Die roten Rosen wirkten auf der feuchten Erde schäbig, vor dem vom Regen dunkelgefärbten Grabstein. Das Bild widerte mich an, Raven widerte mich an. Sie hatte mich zerstört, mich erstochen, erstickt, ertränkt. In all den schlaflosen Nächten, in denen sie das Einzige in meinem Kopf gewesen war, ließ sie mich qualvoll sterben, immer und immer wieder. Dennoch konnte ich es ihr nicht verübeln. Ich verzieh ihr ohne mit der Wimper zu zucken.
Sie war immer unscheinbar gewesen, ihr Leid unter der Vergessenheit begraben. Jeder hatte sie angesehen und geurteilt. Niemand verstand, was in ihr vorging, weshalb sie ihr Schweigen kaum brach.

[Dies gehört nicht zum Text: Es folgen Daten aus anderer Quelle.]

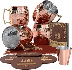 The Hammered Moscow Mule Copper Mug Set of 4 has garnered mixed reviews from customers. While many appreciate the beautiful design, stainless steel lining, and thoughtful packaging that includes leather coasters and a shot measure, there are significant concerns regarding the durability of the handles. Multiple reviews mention defective handles, with several customers reporting that handles either fell off or arrived broken. Overall, the mugs are praised for retaining their shine and providing a pleasant drinking experience, but potential buyers are advised to inspect the handles immediately upon arrival. Overall, the product shows promise, yet quality control issues need addressing.

Ihr war es niemals gut ergangen, es gab lediglich Augenblicke, in denen es ihr gelungen war, ihr Leid zu verdrängen. Sie war einem ständigen Kampf ausgesetzt gewesen, den wir alle nicht hatten sehen können. Ihre schwarze Seele hatte unzählige Risse gehabt, ihre Haut etliche Narben.
Ihre soziale Angststörung und die schwerliegenden Depressionen hatten sie letztendlich umgebracht, ihr das letzte Fünkchen Hoffnung und Leben genommen. Ihre Trauer hatte das Messer geführt, hatte sie wie eine Marionette gesteuert. Sie war verblutet, jämmerlich verblutet. Raven hatte keinen ästhetischen Abschied, nicht ansatzweise.
Ich wischte mit dem Ärmel über meine Augen, ließ die Tränen versiegen, jene unmerklich meine Wangen hinuntergeronnen waren. Ich wandte mich vom Grabstein ab, ließ meine Moon zurück.
Meine Füße trugen mich zum naheliegenden Bahnhof. Ich wollte nach Hause, mich in meinen sicheren vier Wänden verkriechen und diese nie wieder verlassen.
Ich hielt in der Bewegung inne, als ich Aidan erblickte. Er sah mich nicht, realisierte sein Umfeld nicht. Er war zu einem gedankenlosen Zombie geworden, eine ruhelos umherwandelnde Seele, fest an die Hülle ihrer Leiche gefesselt.
Reue übermannte mich, stach wie Dornen in mein Herz. Er hatte niemals die Schuld getragen. Er musste leiden, weil ich mit meinem Selbsthass nicht klarkam. Ich war wahrlich grausam, ein Mensch, der viel zu viele Fehler begangen hatte.
Aidan stand abseits von den anderen Leuten, so wie ich auch. Erst vermutete ich, er würde zu abwesend sein, um es zu bemerken. Als der Zug losfuhr und er einen Schritt auf das Bahngleis zumachte, wurde es mir allerdings klar.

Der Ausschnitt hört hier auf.